What to do:
For this exercise, an exact copy is needed of only the lines from the one containing "Svatební podvazek s" through the end of the data, with pictures left out.

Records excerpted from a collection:
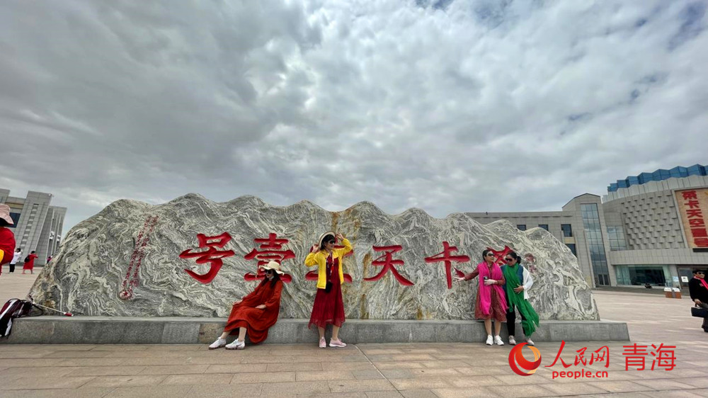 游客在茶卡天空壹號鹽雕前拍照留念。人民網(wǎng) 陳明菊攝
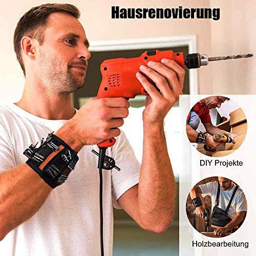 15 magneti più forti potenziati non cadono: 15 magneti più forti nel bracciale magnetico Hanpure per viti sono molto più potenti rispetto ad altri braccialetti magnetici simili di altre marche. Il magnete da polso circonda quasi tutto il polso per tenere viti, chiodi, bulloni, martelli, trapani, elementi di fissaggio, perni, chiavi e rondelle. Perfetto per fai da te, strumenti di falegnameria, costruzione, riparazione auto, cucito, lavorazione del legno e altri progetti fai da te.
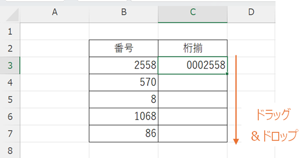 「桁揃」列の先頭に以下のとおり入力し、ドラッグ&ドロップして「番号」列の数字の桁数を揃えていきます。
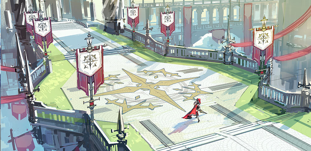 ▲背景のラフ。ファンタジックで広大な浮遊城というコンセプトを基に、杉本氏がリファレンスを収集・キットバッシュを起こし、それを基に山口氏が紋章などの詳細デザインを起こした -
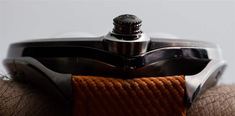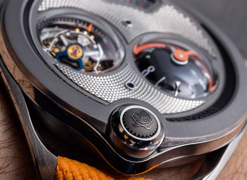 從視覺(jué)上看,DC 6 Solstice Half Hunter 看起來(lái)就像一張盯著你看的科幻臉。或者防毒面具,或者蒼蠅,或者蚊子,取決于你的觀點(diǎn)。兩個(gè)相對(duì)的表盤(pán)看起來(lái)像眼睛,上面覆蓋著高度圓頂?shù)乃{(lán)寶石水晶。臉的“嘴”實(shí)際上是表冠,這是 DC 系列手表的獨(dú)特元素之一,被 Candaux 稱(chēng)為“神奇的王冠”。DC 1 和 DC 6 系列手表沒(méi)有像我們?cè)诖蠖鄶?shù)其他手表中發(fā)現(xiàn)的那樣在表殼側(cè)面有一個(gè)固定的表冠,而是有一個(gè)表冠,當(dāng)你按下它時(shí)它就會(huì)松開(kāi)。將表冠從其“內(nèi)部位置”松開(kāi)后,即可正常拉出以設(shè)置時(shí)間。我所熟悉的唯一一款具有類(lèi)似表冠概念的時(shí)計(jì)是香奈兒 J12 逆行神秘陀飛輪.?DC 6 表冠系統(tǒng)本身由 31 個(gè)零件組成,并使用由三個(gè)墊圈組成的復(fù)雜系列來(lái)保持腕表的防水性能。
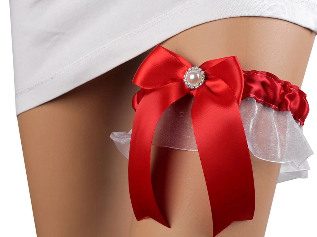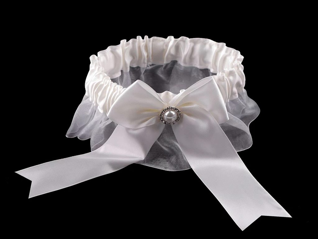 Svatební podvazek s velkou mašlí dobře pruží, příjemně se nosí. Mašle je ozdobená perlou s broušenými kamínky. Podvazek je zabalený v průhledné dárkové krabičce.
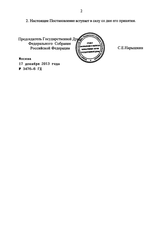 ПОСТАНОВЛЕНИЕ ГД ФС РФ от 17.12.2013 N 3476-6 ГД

Result:
 Svatební podvazek s velkou mašlí dobře pruží, příjemně se nosí. Mašle je ozdobená perlou s broušenými kamínky. Podvazek je zabalený v průhledné dárkové krabičce.
 ПОСТАНОВЛЕНИЕ ГД ФС РФ от 17.12.2013 N 3476-6 ГД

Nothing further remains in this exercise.